本・花・鳥(ほん・か・どり)

本とか植物とか野鳥とか音楽とか

あなたにもできる悪いこと/平安寿子

インチキな商品やサービスを売りつけて世を渡る詐欺師まがいのセールスマン檜垣と、無愛想で我がままで強欲な女・畑中里奈がコンビを組んで「地道なカツアゲ」に精を出すユーモラスな小悪党小説。ピカレスクロマン(悪漢小説)と言うほど大きな悪ではなく、とにかくセコい(笑)。

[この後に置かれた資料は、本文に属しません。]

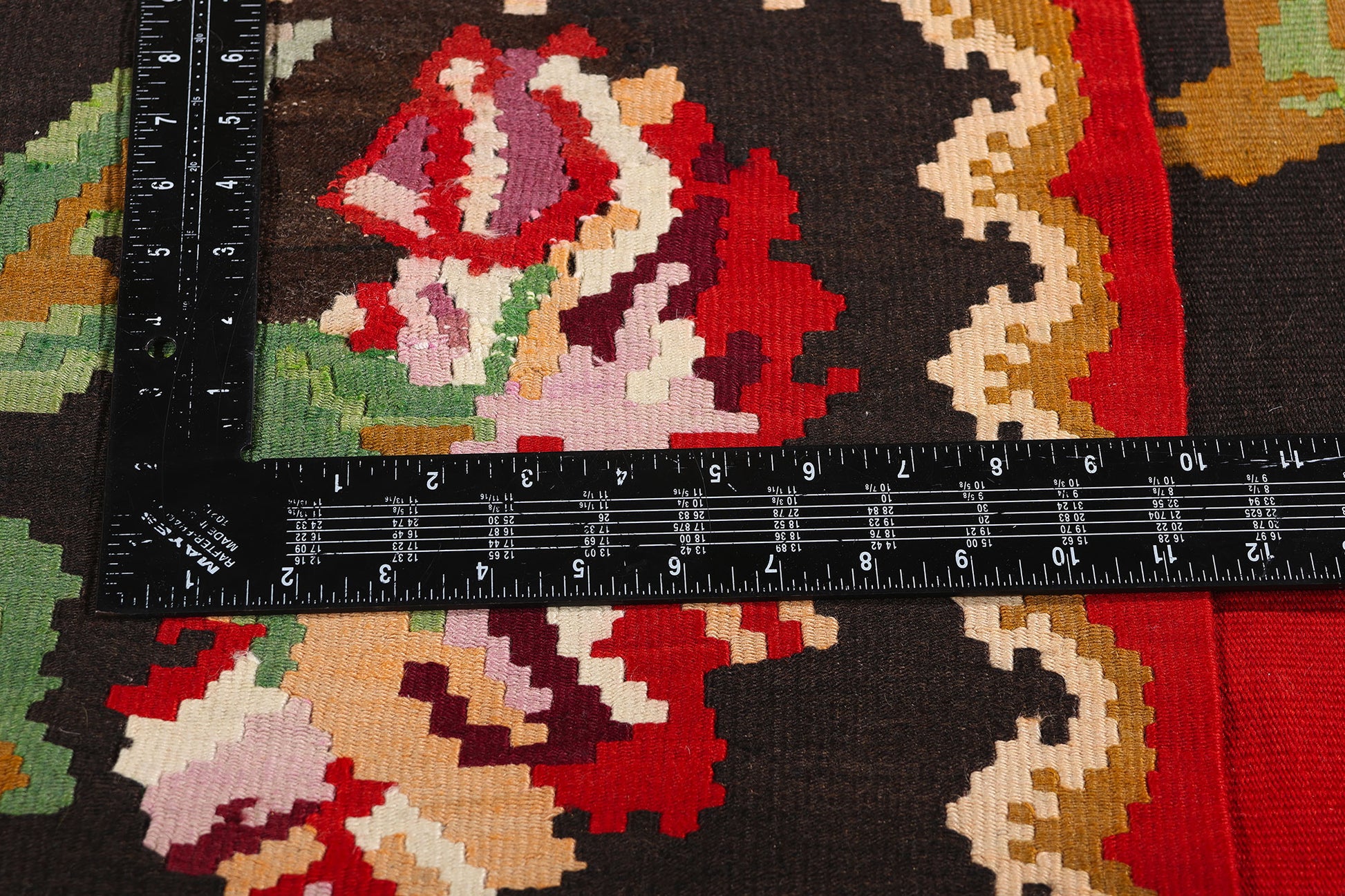 What distinguishes Karabagh kilims from their Balkan cousins or Persian peers is their unapologetic theatricality—opulent yet grounded, flamboyant yet composed. The deep coffee-brown ground serves as dramatic stagecraft, elevating the floral medallions into luminous forms that seem to hover with painterly flourish. And yet, despite its visual exuberance, this Caucasian flatweave rug maintains a classical discipline, with symmetry and balance guiding the eye from end to end. The rhythmic repetition of floral clusters echoes liturgical chant or folk refrain—an aesthetic tradition sung in wool and color. This duality—ornate yet ordered—is a testament to the sophisticated cultural synthesis that flourished in the Caucasus under both Ottoman and Russian sway.

金が好きで、いい加減なものを口先三寸で売りつけるのが好きと言う檜垣だが、大きな金には縁がなく、裏で畑中里奈がネジを巻いても、一般人の懐からかすめ取るのは大きくても50万くらい。どこかお人好しの部分が見えて面白い。この二人にはこれくらいが身の丈に合っているのだろう。

畑中里奈の後ろにいる時任は檜垣の高校時代の友人で、M資金のようなどでかい金融詐欺に取り憑かれて身を滅ぼそうとしているが、こういう風にはなりたくないセコい二人なのである。

セクハラじじい、不倫教師、NPOを乗っ取って成り上がろうとしている善意の押し売りボランティア野郎(爽やかで熱意があって人たらしで独善的で、何となく野口健を思い浮かべてしまう(笑))、神懸かり少年の周囲の欲得、選挙がらみの利権など、善人ぶった一般人の隙を衝くセコいカツアゲが痛快だ。